If you're not an enterprise, fall back to your cloud provider's container registry (which is likely backed by highly durable and reliable storage; AWS ECR & S3 for example). It's likely you already are using Jenkins or some other runner to build your own containers (and if you're not setup to do so with your CI pipeline, you should be); it's trivial to support caching to your in house cloud provider registry as part of the container build/retrieval/deployment process. This functionality is a handful of properly written Jenkins jobs based on my experience.

I'm not trying to avoid going to get a coffee while you wait for external provider interfaces to settle when your systems are nominal. I'm trying to avoid those moments where you absolutely need to deploy an existing or updated container and can't (which you mention in your comment). Critical infra requires redundancy. Container storage is critical infra when part of a deployment process. One cannot say, "Sorry engineering, that hotfix can't go out until the registry is back up. See you in 30. exit stage right to coffee shop" in most environments.

EDIT: Also consider Docker's finances are precarious and it's possible they're going to suddenly go dark. Plan accordingly.

Disclaimer: Previously infra/devops engineer.


I don't disagree.

The opinion I gave pretty much would help you define what is critical.

Every single smart enteprise should be able to build from source, push to a registry and deploy via a pipeline defined in source control. This likely gives you most of the DR you need, and it also helps you work as part of a team.

However, when you take these decisions you should be able to quantify why. You can always spend more money on more 9s and tighter SLAs, but at some point you need to draw a line in the sand and call it good enough.

For a small startup, that might be before running their own registry, for a large ecommerce website it's probably after. Humorously, a tech first startup would likely do it, whilst a sales first established business probably won't, because neither of them are really quantifying their efforts.

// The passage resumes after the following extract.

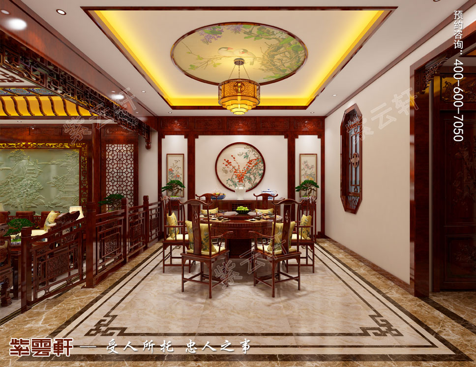 餐厅,空间中极具整体性,线条流畅的餐画作确定了整体空间的基本格调,空间背景处运用古典壁画装点空间层次,留白处突显出传统东方意蕴,轩窗的设计增添了一种优美中式意境,在留白中加入一点装饰打造的中式装修风格的餐厅有一种浓郁温馨的氛围。

Disclaimer: Also do infra and devops. These are concepts from the SRE book, though I don't use the SRE terms because I can't remember them off the top of my head. Interestingly, the book publishes how google add errors into some products, so people don't rely them unsustainable relability attribuites.

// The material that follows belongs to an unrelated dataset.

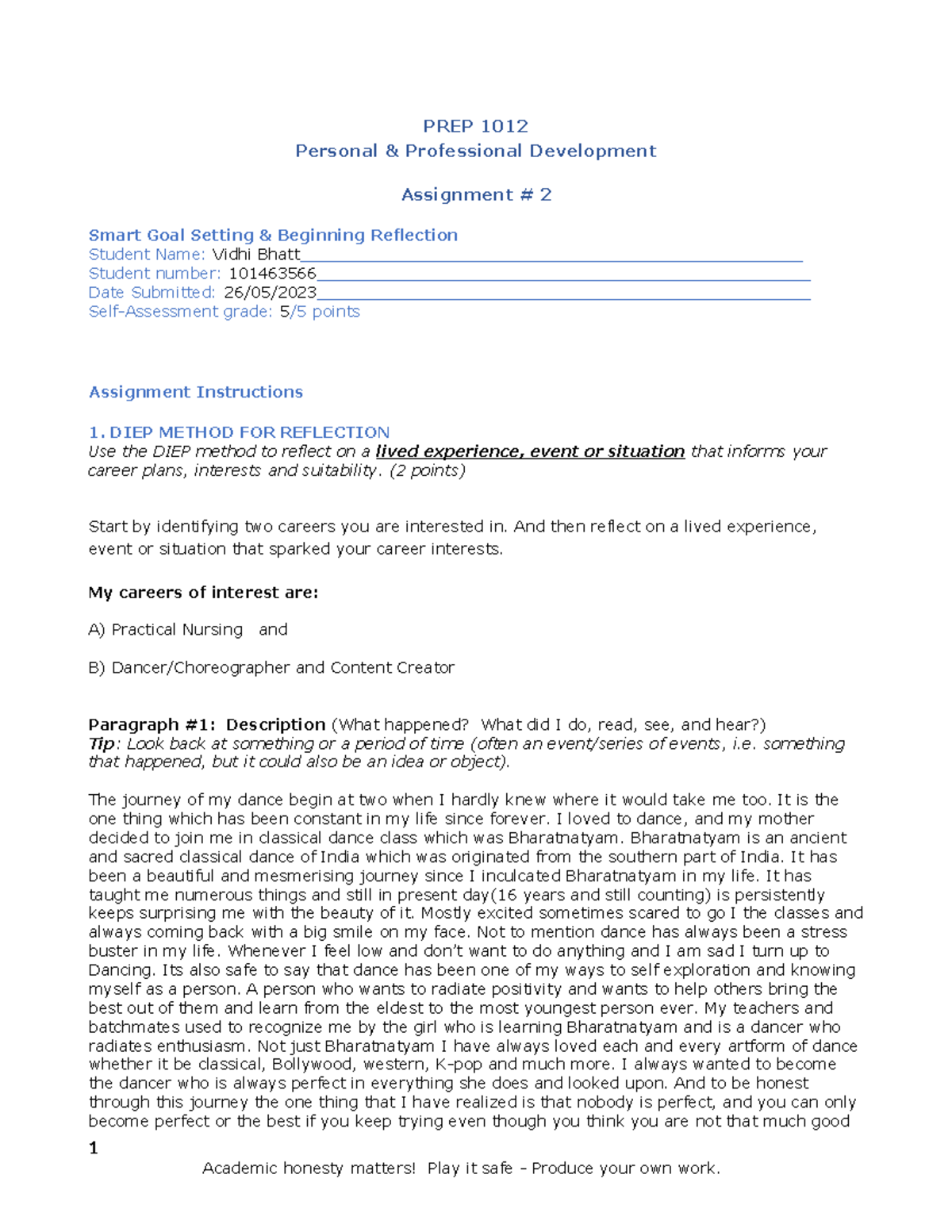 Assignment 2 - Reflection & Goal Setting - 2022 - PREP 1012 Personal ...

Maintaining your own registry as a cache.


pull-through mirror with tons of disk


If we only had listened our sysadmin...


So my CI environment requires access to other docker images, all hosted on Docker Hub.

Seems like the tech giants should load balance these images for the good of the Internet to provide some decent redundancy and for my sanity at 11.30pm.


Whenever one of our essential 3rd party services go down, I can only shrug and hope they figure it out quickly. They provide a good service and nobody has 100% uptime. Still better than solving it internally, which is even more likely to have downtime.

Partial failure is just fact of life. If this is a major issue for your process, it might be better to try and find ways to alter your process so this isn't an issue. Alternatively, mirror locally.


You're absolutely right.

Being honest no build is worth losing sleep over. We are piggybacking on their service and bandwidth. For us to start building the infrastructure to cache their images doesn't make financial sense, we deploy daily and their uptime always allows for that.


No, you should rewrite your CI not to depend on external stuff, if you want sane evenings.


If you are getting paid to do CI you are simply doing it wrong.

Rule #1 Host your own stuff, never rely on others.

Rule #2 automate everything


This has broken fresh containerized deploys on Heroku, which is surprising since they run their own registry. They should be proxying Hub, it'd save them a ton of bandwidth.


What a coincidence, the same minute all my lightsail instances got unresponsive and then 20 minutes stuck on "stopping".

Launched a new one.. docker pull bam error. Customer unsatisfied.


Looks like it's back up now, whew!


It went from orange to red.

Incident Status Full Service Disruption


uuugh. was just about to do some testing


More confidence for the folks at Docker Inc.